Seconde option, la voie administrative. La Commission de la Concurrence (COMCO) a ouvert en février 2009 une enquête officielle contre les diffuseurs français, dans le but de vérifier si leurs pratiques actuelles de fixation des prix sont ou pas en infraction avec la Loi sur la concurrence. Si la COMCO répond positivement à cette question, elle pourra agir dans le sens d’une baisse des prix. Nous attendons toujours qu’elle rende ses conclusions.

6. ET POUR CONCLURE ?
Vous l’aurez compris, il n’existe pas de solution simple, et a fortiori qui soit activable par notre seule volonté et notre seule action.
Le prix n’est toutefois pas le seul critère pour les consommateurs, et le débat actuel autour de cette question ne doit pas occulter les autres attentes : le confort de nos librairies, l’accueil et la compétence de nos libraires, la largeur et la qualité de l’offre qui vous est proposée, et les différents services que nous vous offrons. Il est en tout cas au coeur de nos préoccupations de continuer à vous assurer le niveau de qualité que vous attendez et de vous satisfaire.


Au nom de l’ensemble des collaborateurs de Payot Libraire, je vous remercie pour votre fidélité et votre confiance, qui sont pour nous la plus belle récompense de notre travail.

Pascal Vandenberghe
Directeur général
Lausanne, le 7 février 2011


MINI-GLOSSAIRE DE LA CHAÎNE DU LIVRE IMPORTÉ    (1)

Éditeur.
Il publie le livre et fixe son prix de vente pour son marché d’origine (en l’occurrence la France).

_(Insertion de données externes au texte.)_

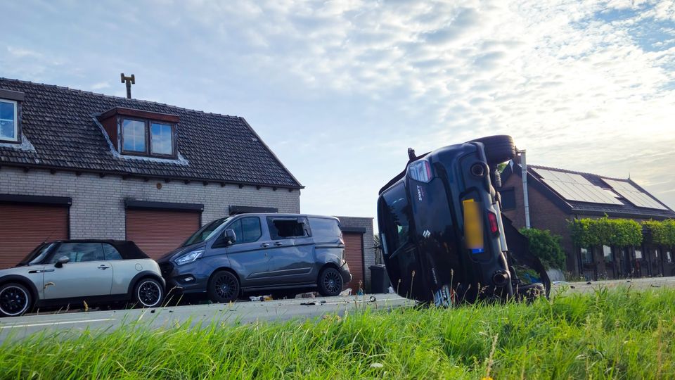 De bestuurder van de personenauto reed in de richting van Zeeland toen het misging. Door de klap raakte de auto zwaar beschadigd en belandde deze op de zijkant. Er raakte niemand gewond bij het incident. Hoe het ongeval precies heeft kunnen gebeuren, is nog onduidelijk.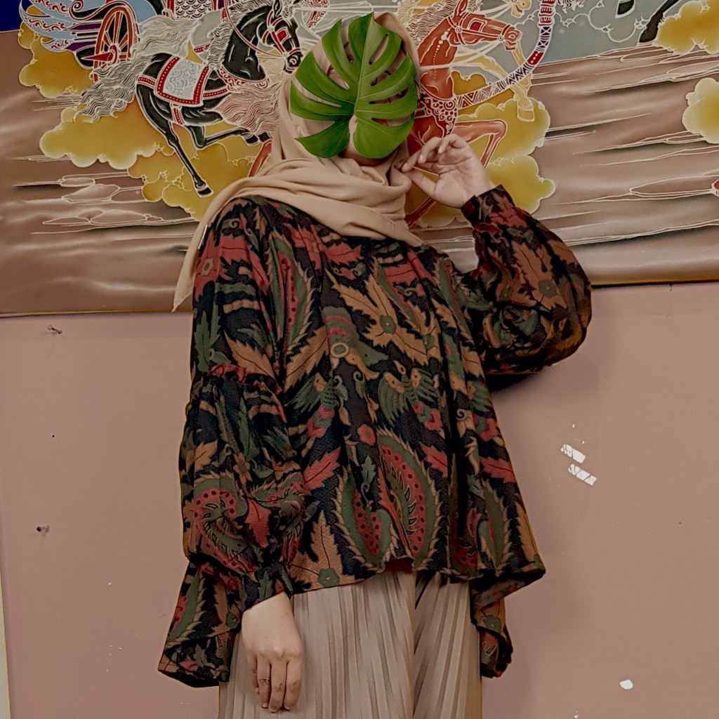 Jual Atasan Blouse Lengan Balon Wanita Batik Modern 01 - Mahkota

Il assure la promotion de sa production et des auteurs auprès des médias.
Diffuseur. Il assure la commercialisation et la promotion auprès des revendeurs (libraires) et décide (pour la Suisse) des prix de vente qui seront appliqués ainsi que des conditions commerciales du revendeur (libraire), donc de son prix d’achat. Tous les grands diffuseurs présents en Suisse sont des filiales des groupes français d’édition.
Distributeur. Il assure le stockage, les flux physiques et la facturation aux revendeurs (libraires), en appliquant à chaque revendeur le prix de vente et le prix d’achat fixés par le diffuseur. Le principal distributeur, OLF, autonome des diffuseurs, n’est donc pas responsable des prix des livres pour lesquels il n’assure que la distribution.
Libraire (ou revendeur). Maillon final de la chaîne du livre, au contact direct des lecteurs acheteurs de livres, il propose les livres à la vente au consommateur. S’il n’est pas légalement obligé de respecter les prix fixés par le diffuseur, tout rabais pratiqué ampute directement sa marge, qui dépend à la fois du prix de vente fixé par le diffuseur et du prix d’achat qui découle du taux de remise (conditions commerciales) que lui accorde le diffuseur.
Groupes. Les grands groupes d’édition pratiquent en général les trois premiers métiers : édition (sous différentes marques), diffusion et distribution. En Suisse, trois grands groupes français (Flammarion, Editis/Interforum, Gallimard/Cinq Frontières) sous-traitent la distribution, confiée à une autre société (OLF). Hachette possède sa propre structure de distribution (Diffulivre). Le cas du groupe Volumen (Le Seuil/La Martinière) est particulier, puisque la société de distribution (Servidis) est partagée entre Volumen et Slatkine, éditeur suisse.


(1) Nous ne nous intéressons ici qu’aux cinq principaux groupes d’édition, qui représentent à eux seuls environ 85% des ventes de livres en langue française en Suisse.